5.12.25

Paulina, por María Guillermina López

  

 

Por el tapial de cualquier patio podía atisbarse el ahogo de ese inconfundible olor a encierro que el pueblo de Corominas había perpetuado en el tiempo.

 

El anciano de soledad meridiana haciendo vereda, la alergia y toda el asma del polvo en las siestas, las sombras quietas de los perros en verano, las bolsas de nylon colgando en las cocinas, el rumor del río y su hamacar como un bálsamo, cierta tarde cómplice, el amor templado, ella, él.

 

El río no devuelve todo lo que se lleva, decía una madre cierta de aquel pueblo que se descubría en las primeras horas desde las casas y fábricas que quedaban.

 

Agobiada por la rutina de un trabajo mal pago, y sumida en el cansancio del trajín diario en los talones, Paulina Posadas cruzaba encorvada el puente de fierro, de regreso a su casa, pensando en Mar del Plata y en qué lindo sería que éste verano Camilo arreglara la chata. Habría también que invitar a los nietos fue lo último que pensó al doblar la esquina por Antártida Argentina.

 

El paisaje, franqueando la vía enarbolada de espumillas, se había transformado ahora en el rayo de sol que penetraba un Dodge 1500 mal estacionado en la vereda contraria. En su reflejo, una cortina flameando como bandera y con toda libertad, desnuda, insolente se asomaba desde la ventana de la casa de Cándida Caminos.

 

En la suposición de que habría recibido visitas familiares, la mujer no pudo avanzar un paso más por temor a ser descubierta espiando. Se dijo –como si alguien la escuchara- que si era vista allí, de pie, junto a la ventana, sería una actitud a las claras sospechosa, por lo que se vería en el brete de involucrarse en algo que excedía en mucho su buena reputación.

 

Al fin y al cabo, ¿quién le devolvería los años que le había costado ganarse el respeto en un barrio como ese y a su edad? No era cuestión de que algo semejante le afectara, porque a la vieja se le había ocurrido dar señales de vida, así nomás.

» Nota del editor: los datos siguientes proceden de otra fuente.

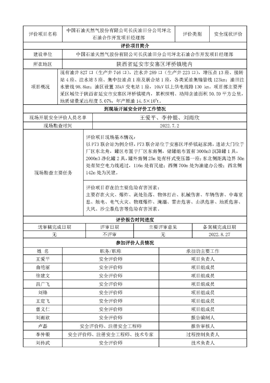 KLDAP-[2022]-2.13 中國石油天然氣股份有限公司長慶油田分公司坪北石油合作開發(fā)項目經理部安全現(xiàn)狀評價
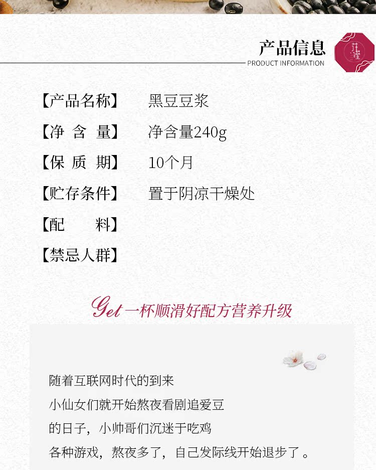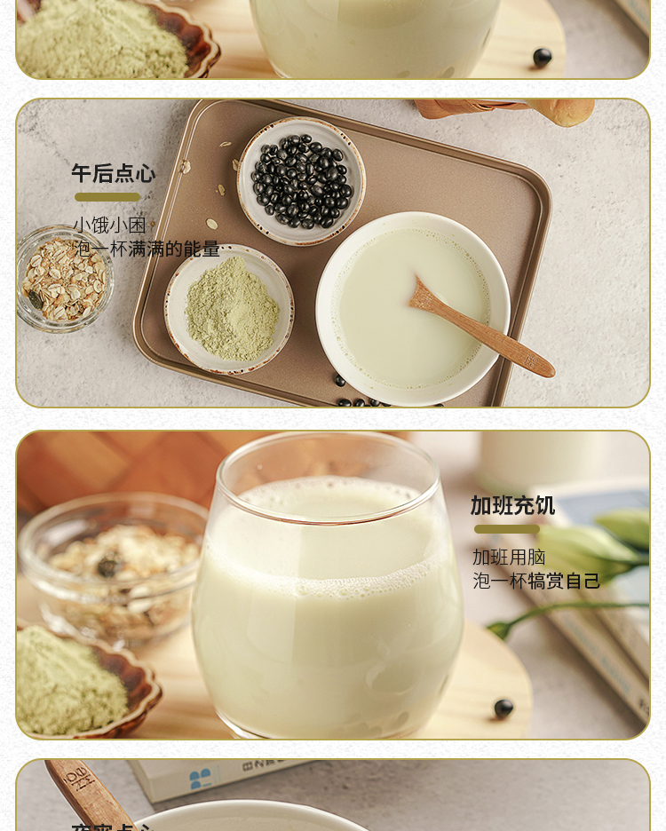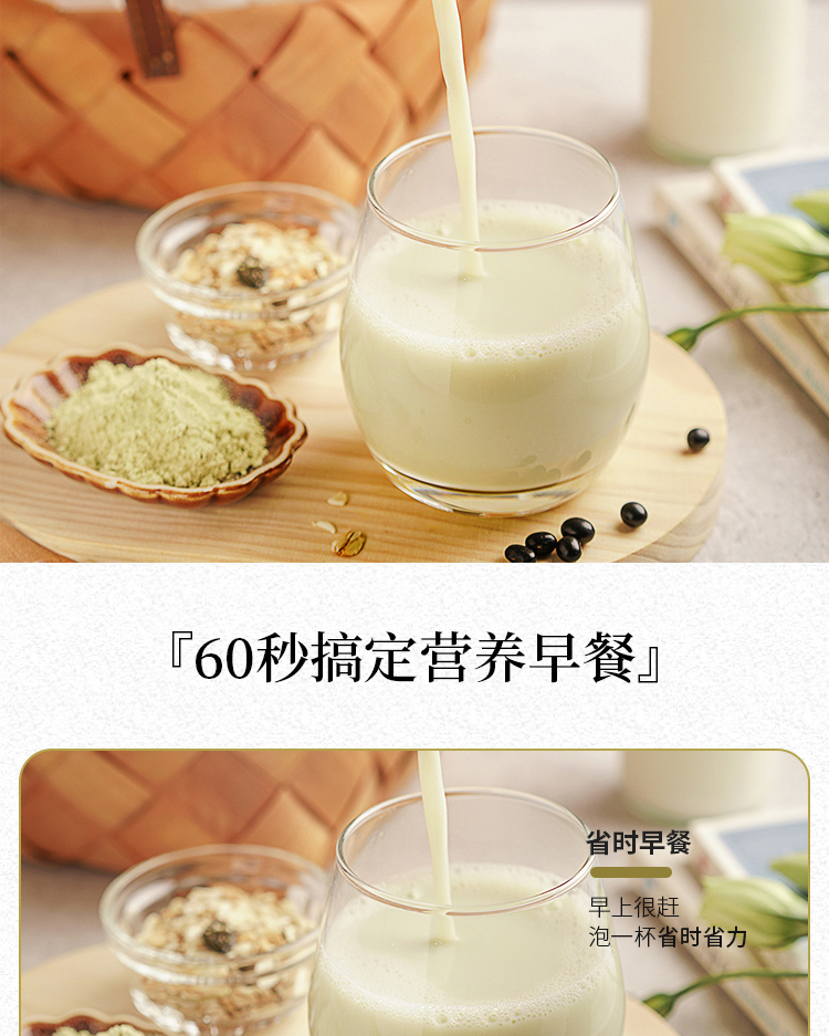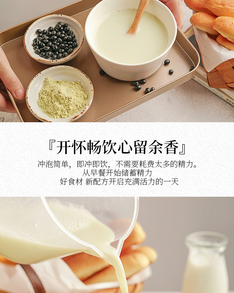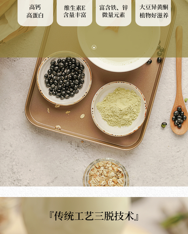 选用非转基因大豆,无添加!富含维生素A、D,富含矿物质,蛋白质,即冲即食,喝一口暖暖的,早餐来一杯倍儿营养!家里人都爱喝~

En mitad de estos devaneos algo dejó de ser queja para lograr, también, enojarla.

Miró por última vez, mientras demoraba la llave en la cerradura, y entró, cerrando la puerta con un enfado desmedido.

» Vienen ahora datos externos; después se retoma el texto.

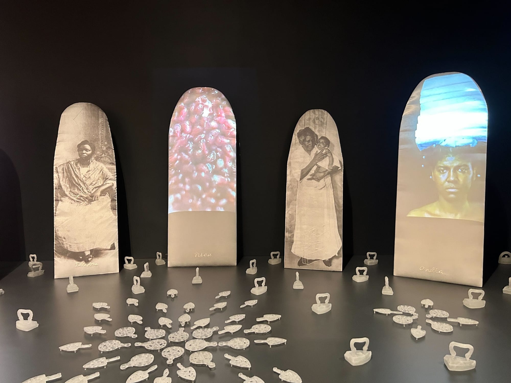 Upon entering María Magdalena Campos-Pons’s exhibition, visitors are greeted by “Spoken Softly With Mama” (1998), an installation of upright ironing boards printed with family photographs onto which are projected videos of the artist’s bare legs walking and hands peeling a pomegranate. The boards stand on a raised platform, scattered with cast-glass irons and trivets, that lends the work the gravitas of an elegy with the intimate softness of a nursery rhyme. It sets the mood for the rest of the show, in which the artist draws from her own roots and core values — her Afro-Cuban ancestry, her upbringing on a former sugar plantation, and the role of mothers and women, to name a few — to establish a profound connection with the viewer. Through her photographs, sculptures, paintings, and more, Campos-Pons holds our gaze. —VD
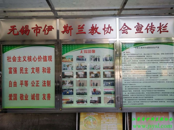为积极响应中国伊协‘四进’清真寺的倡议,落实省伊协通知要求。无锡市伊协高度重视,精心部署,在市清真寺大院醒目位置升起了五星红旗。同时,利用清真寺文化宣传栏广泛宣传社会主义核心价值观和宪法、法律法规等知识,进一步培养了信教群众牢固树立爱国意识、守法意识和修身立德的优良品行,深入挖掘了伊斯兰教中国化的途径与实践。得到了信教群众和社会各界的广泛认同与高度赞赏。
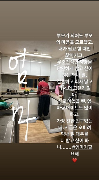 이어 "결혼하고 리사 낳고 나서 더 그런 거 같아. 싱글이었을 땐 엄마랑 데이트도 많이 하고 가장 친한 친구였는데. 지금은 오히려 막내딸 대우를 더 받고 싶어 하니.. #엄마가 필요해♥"라는 글과 함께 사진을 게재했다.
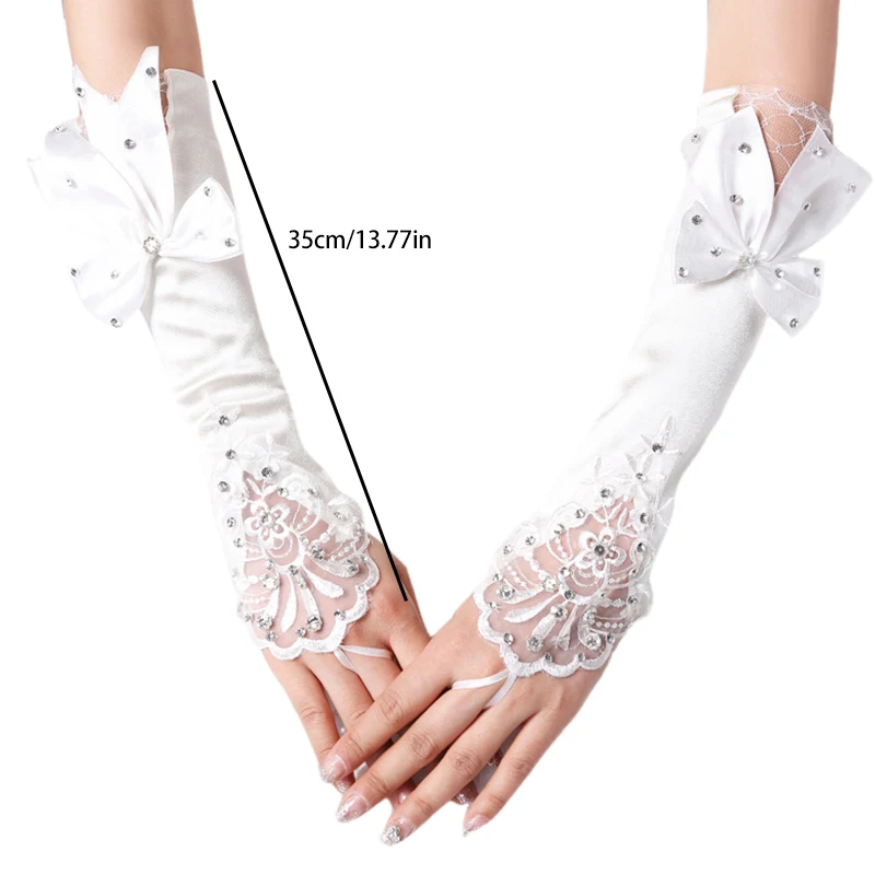 Satin Long Women’s Wedding Gloves Ivory Fingerless Lace Bridal Crystal Bow Flower for Bride Rhinestone Accessory
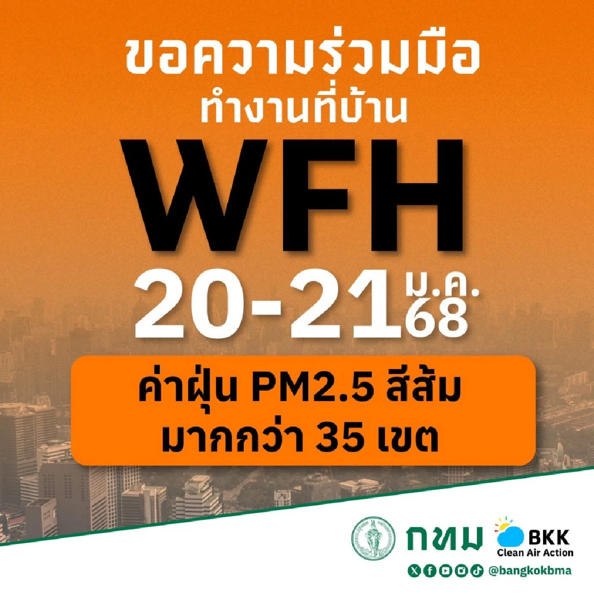 จึงประกาศ WFH ในวันที่ 20 - 21 ม.ค. 68 ซึ่งยังคงต้องเฝ้าติดตามสถานการณ์อย่างใกล้ชิด หากพบว่าฝุ่น PM2.5 ยังคงมีแนวโน้มสูงขึ้นต่อเนื่อง จะประกาศ WFH ต่อไปจนถึงวันที่ 24 ม.ค. 68 โดยได้มีการสื่อสารประชาสัมพันธ์ให้กับภาคีเครือข่าย WFH รับทราบล่วงหน้า เพื่อให้สามารถวางแผนการทำงานล่วงหน้า และลดผลกระทบกับหน่วยงานภาคส่วนต่าง ๆ ที่เข้าร่วม
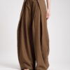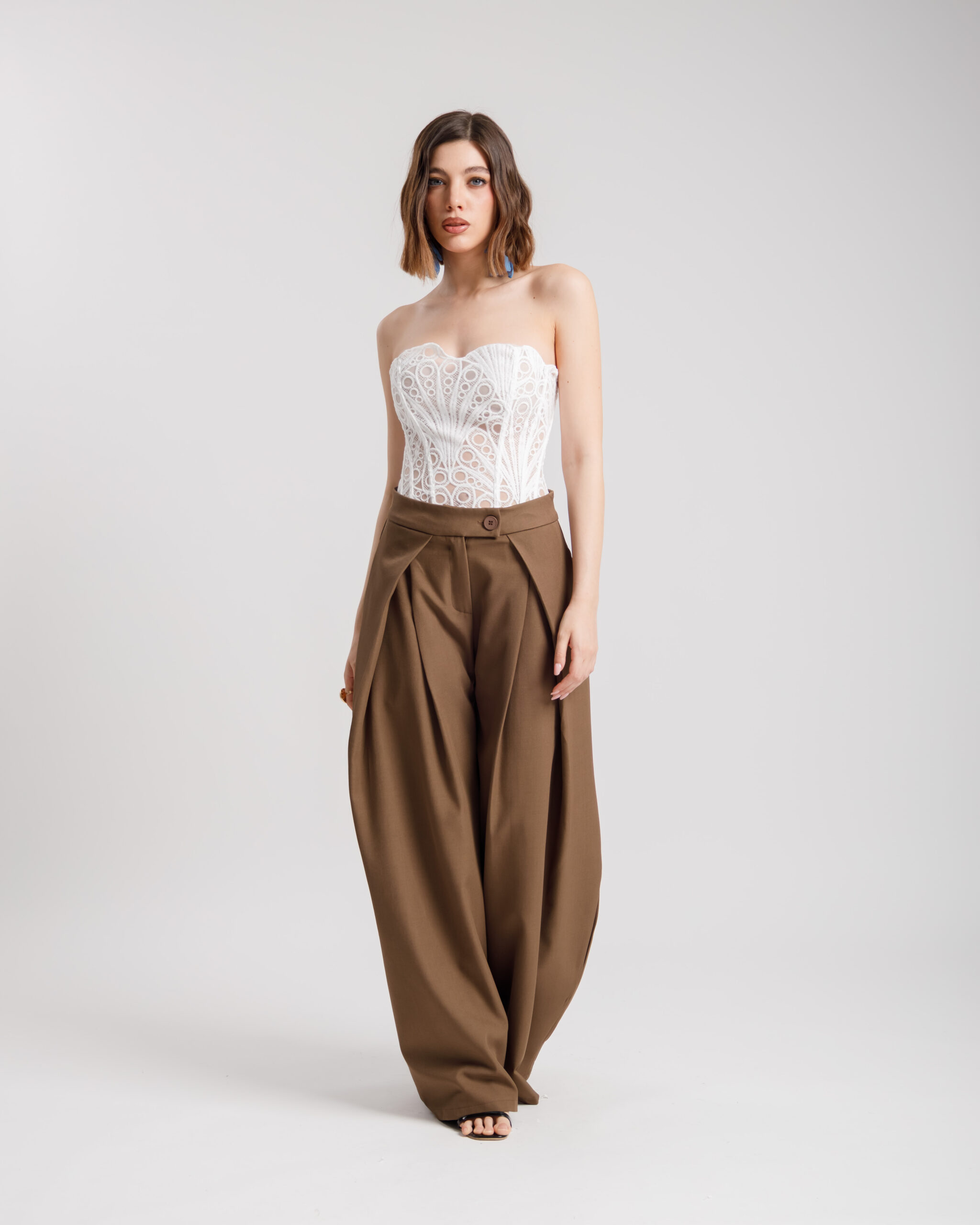 Pantaloni vita alta, modello palazzo, vita alta, strutturata, pieghe frontali che creano volume, gamba ampia, tasche a filo, chiusura con zip e bottone, non elastico.
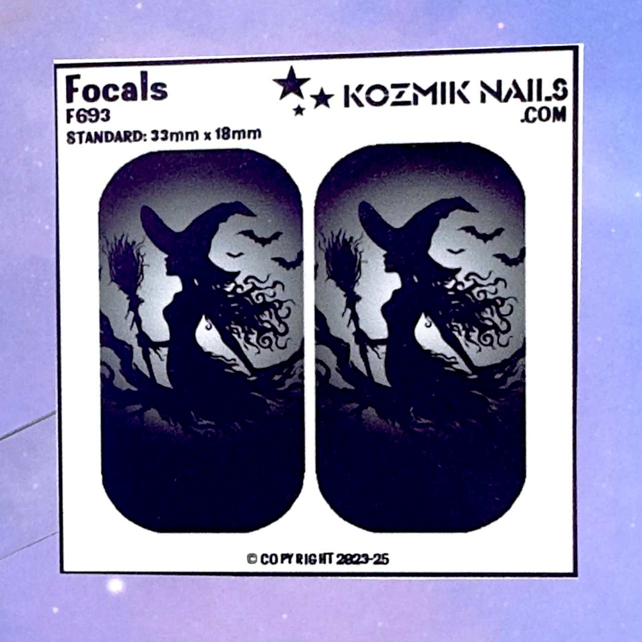 F693 Witch with Broom Silhouetted to make your glow dip powders pop!

Corrió las cortinas con brutalidad.

 

Ahora Paulina cuelga las sábanas blancas de puntillas antiguas que, deshilachadas de aniversarios, resisten con armoniosa estructura toda noción entorno a su imagen. Piensa en barcos de altamar, en azules marinos, en tan estética combinación comercial.

 

Una pequeña radio modula frecuencias provinciales, una canción la distrae y al girar tropieza, se tambalea, ingenuamente. Su ojo izquierdo puesto, ahora, en ese par de chinelas que maldice, jabón de pan y palangana, cuando mira hacia el cielo pensando en infiernos. Culpándose en silencio, apoya ambos pies, aún en la silla y logra mantenerse erguida.

 

Exhala un aire espeso como el humo de un motor que olvida en el acto mismo de poner la pava. “Faltan 5 para las 5” –se dice- y sonríe por la ocurrencia insignificante que, moviendo sus hombros, parecería alejarla de todo mal.

 

Anticipa el mate, lo siente frío, lo toma y hay un gesto repetido en toda su cara cuando apaga con inercia la hornalla. Súbitamente siente prisa, pierde la calma en ademanes exagerados y ese pequeño remolino que va formándose entre sus dedos, nace en ése frágil –aunque robusto- cuerpo que es sacudido y se acompaña de pequeños saltos al caminar.

 

Se detiene encorvada y su postura de perfil parece, de repente, delgada, casi esquelética.

 

Mira el calendario y en letras azules minúsculas, el rojo se pierde tras la tinta negra del papel original. Se acerca y comprueba los números y letras, ahora blancos, borrosamente rojos en un azul infinito que la entristece.

 

Paulina se sienta y llora y su llanto es, de algún modo eterno, universal.